• **Exercise directions**
Retype, word for word, each line between the lines holding "Максимальный комфорт в" and "Lit 160x200 cm - NEXU - LED - USB", inclusive, and leave the rest of the data alone.
++++ Supplied material ++++
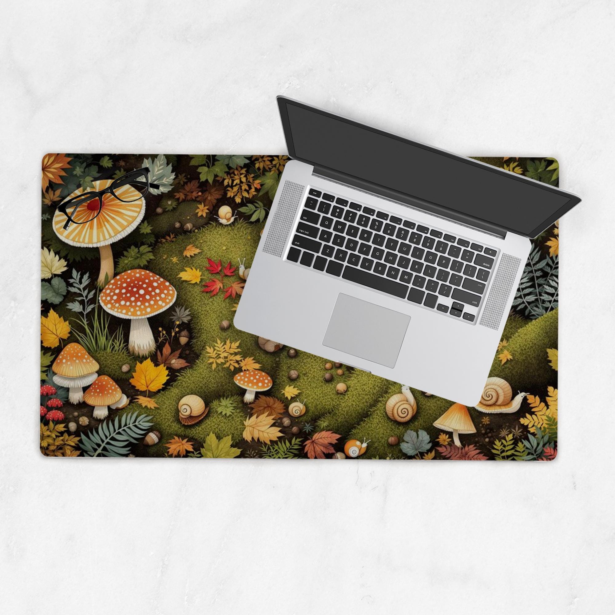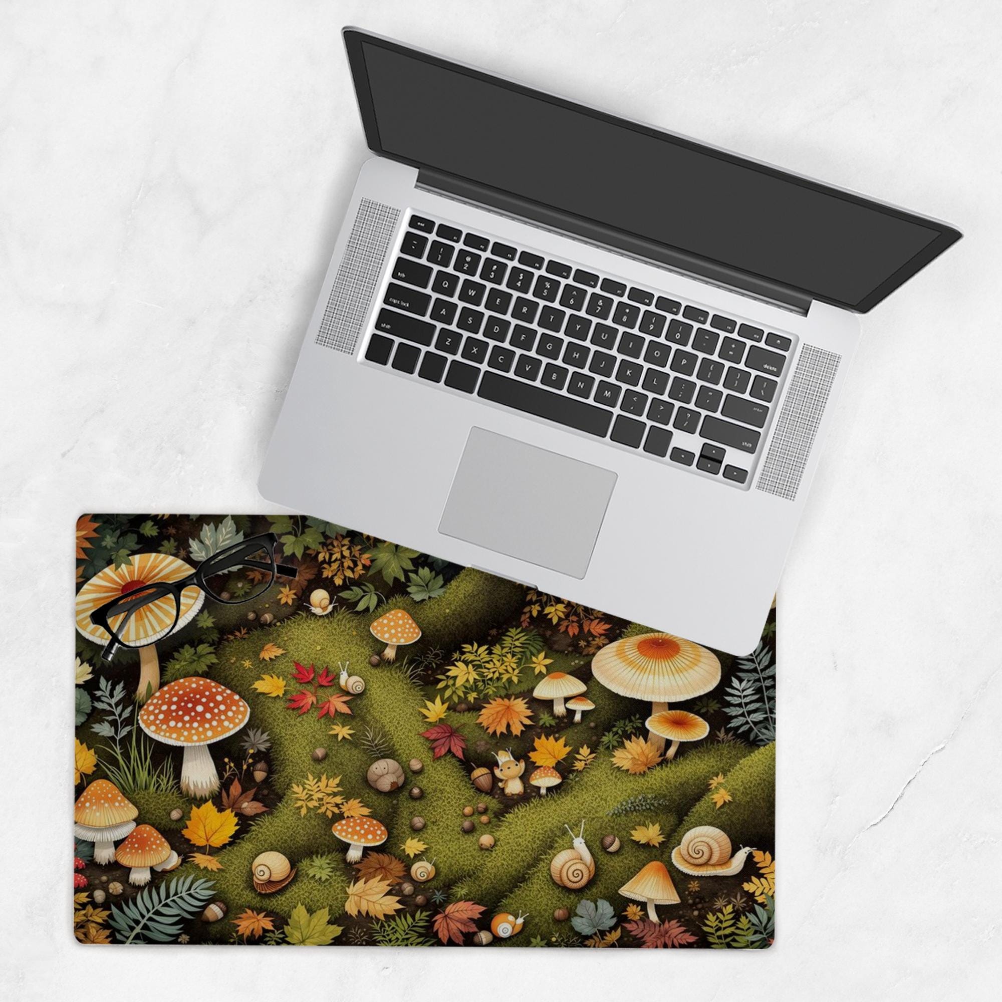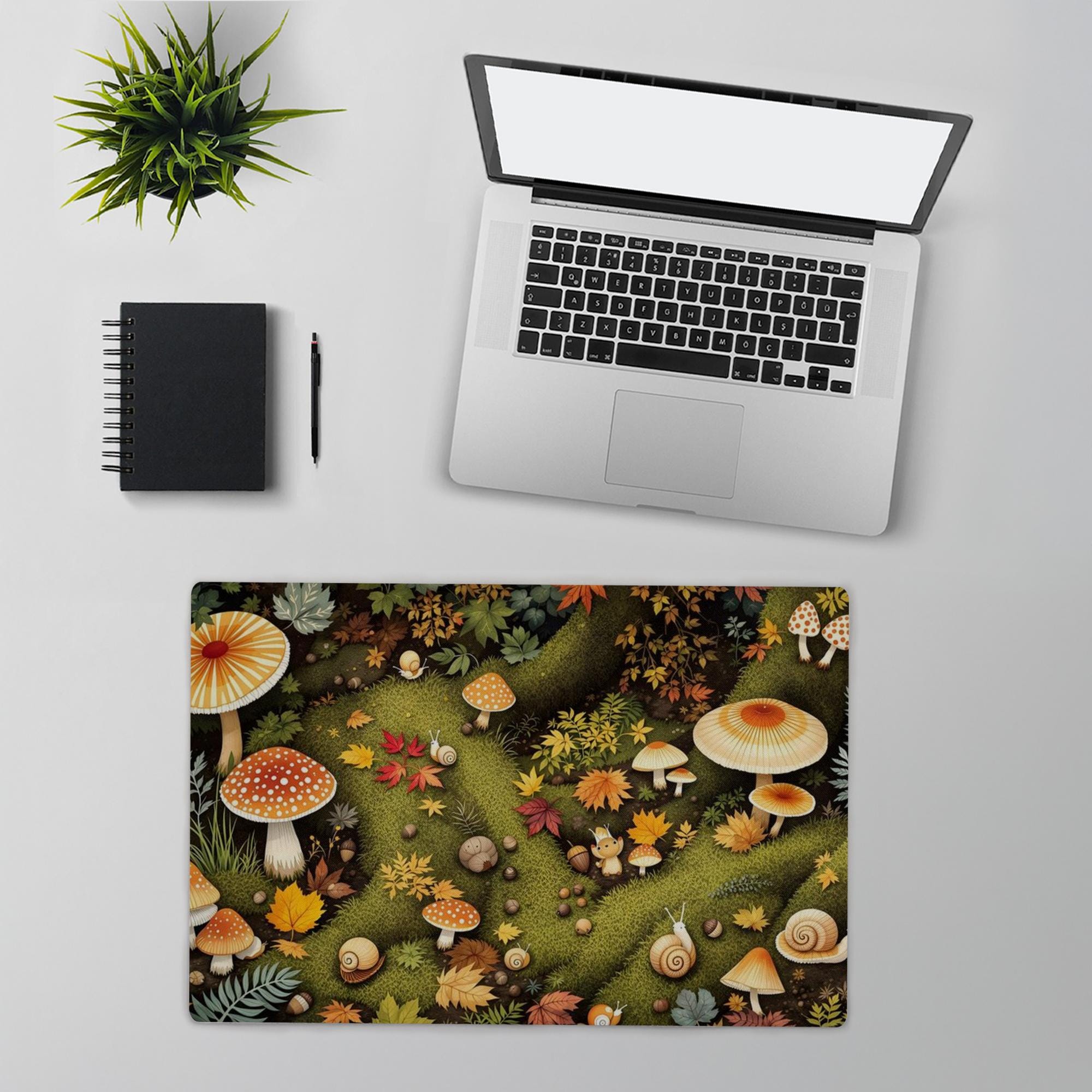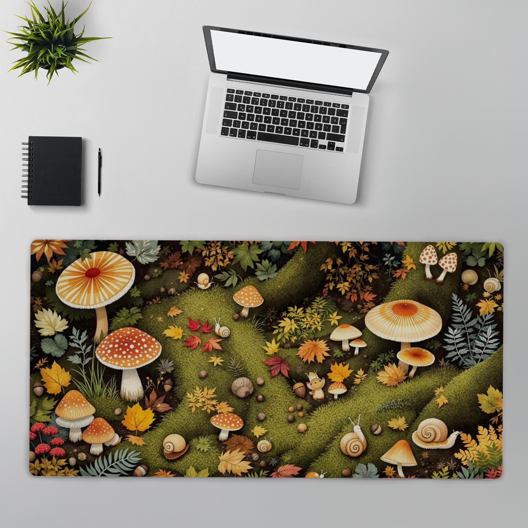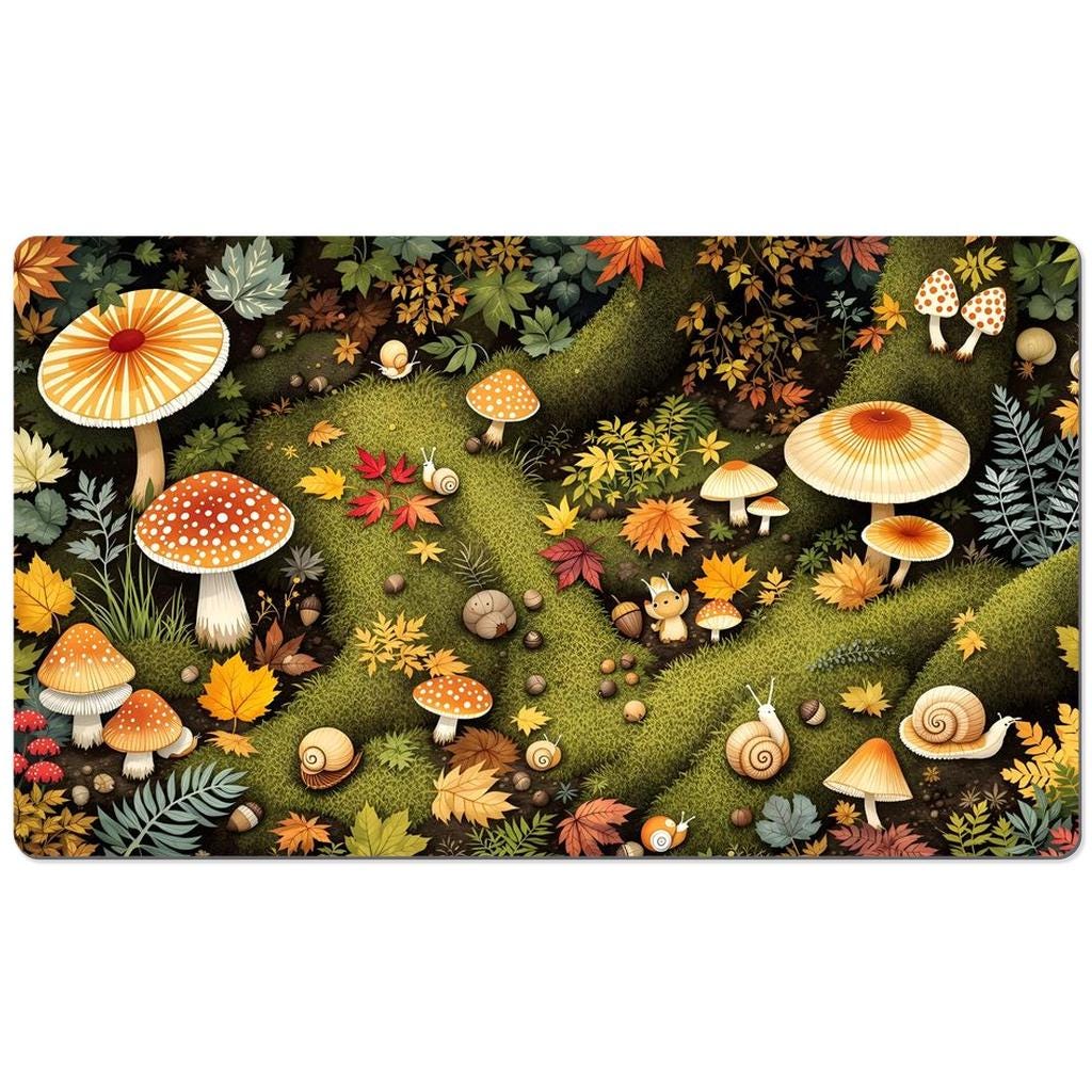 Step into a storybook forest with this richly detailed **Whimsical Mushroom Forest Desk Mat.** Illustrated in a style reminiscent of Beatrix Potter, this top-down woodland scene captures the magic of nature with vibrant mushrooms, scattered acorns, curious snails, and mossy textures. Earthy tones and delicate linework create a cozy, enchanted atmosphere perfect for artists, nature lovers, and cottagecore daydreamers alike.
++++
++++ Supplied material ++++
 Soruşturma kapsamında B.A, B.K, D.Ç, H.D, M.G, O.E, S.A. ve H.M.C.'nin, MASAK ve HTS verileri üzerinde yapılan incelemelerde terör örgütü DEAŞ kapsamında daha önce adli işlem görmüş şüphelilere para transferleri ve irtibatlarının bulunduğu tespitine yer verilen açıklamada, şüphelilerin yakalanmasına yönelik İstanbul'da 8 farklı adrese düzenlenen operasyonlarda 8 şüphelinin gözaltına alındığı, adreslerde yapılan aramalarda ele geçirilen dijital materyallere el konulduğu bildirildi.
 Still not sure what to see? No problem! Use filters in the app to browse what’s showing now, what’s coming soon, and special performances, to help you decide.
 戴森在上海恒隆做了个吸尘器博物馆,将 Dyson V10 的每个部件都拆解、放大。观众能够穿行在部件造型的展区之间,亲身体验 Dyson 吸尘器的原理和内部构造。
++++
++++ Supplied material ++++
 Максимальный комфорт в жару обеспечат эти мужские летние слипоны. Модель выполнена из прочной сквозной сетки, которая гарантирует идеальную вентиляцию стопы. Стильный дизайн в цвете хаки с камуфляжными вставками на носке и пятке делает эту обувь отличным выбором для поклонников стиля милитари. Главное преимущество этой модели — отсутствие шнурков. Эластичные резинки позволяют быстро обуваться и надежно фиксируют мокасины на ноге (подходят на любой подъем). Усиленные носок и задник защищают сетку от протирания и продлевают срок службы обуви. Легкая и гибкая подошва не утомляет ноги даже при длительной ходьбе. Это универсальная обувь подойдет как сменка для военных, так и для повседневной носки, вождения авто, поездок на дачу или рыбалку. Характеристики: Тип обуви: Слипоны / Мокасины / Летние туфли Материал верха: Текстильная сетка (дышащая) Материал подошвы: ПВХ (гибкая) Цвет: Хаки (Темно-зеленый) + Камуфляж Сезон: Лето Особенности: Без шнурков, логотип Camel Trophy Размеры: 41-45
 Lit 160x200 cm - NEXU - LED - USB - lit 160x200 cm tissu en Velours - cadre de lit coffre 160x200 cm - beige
++++
• **Response to this task**
 Максимальный комфорт в жару обеспечат эти мужские летние слипоны. Модель выполнена из прочной сквозной сетки, которая гарантирует идеальную вентиляцию стопы. Стильный дизайн в цвете хаки с камуфляжными вставками на носке и пятке делает эту обувь отличным выбором для поклонников стиля милитари. Главное преимущество этой модели — отсутствие шнурков. Эластичные резинки позволяют быстро обуваться и надежно фиксируют мокасины на ноге (подходят на любой подъем). Усиленные носок и задник защищают сетку от протирания и продлевают срок службы обуви. Легкая и гибкая подошва не утомляет ноги даже при длительной ходьбе. Это универсальная обувь подойдет как сменка для военных, так и для повседневной носки, вождения авто, поездок на дачу или рыбалку. Характеристики: Тип обуви: Слипоны / Мокасины / Летние туфли Материал верха: Текстильная сетка (дышащая) Материал подошвы: ПВХ (гибкая) Цвет: Хаки (Темно-зеленый) + Камуфляж Сезон: Лето Особенности: Без шнурков, логотип Camel Trophy Размеры: 41-45
 Lit 160x200 cm - NEXU - LED - USB - lit 160x200 cm tissu en Velours - cadre de lit coffre 160x200 cm - beige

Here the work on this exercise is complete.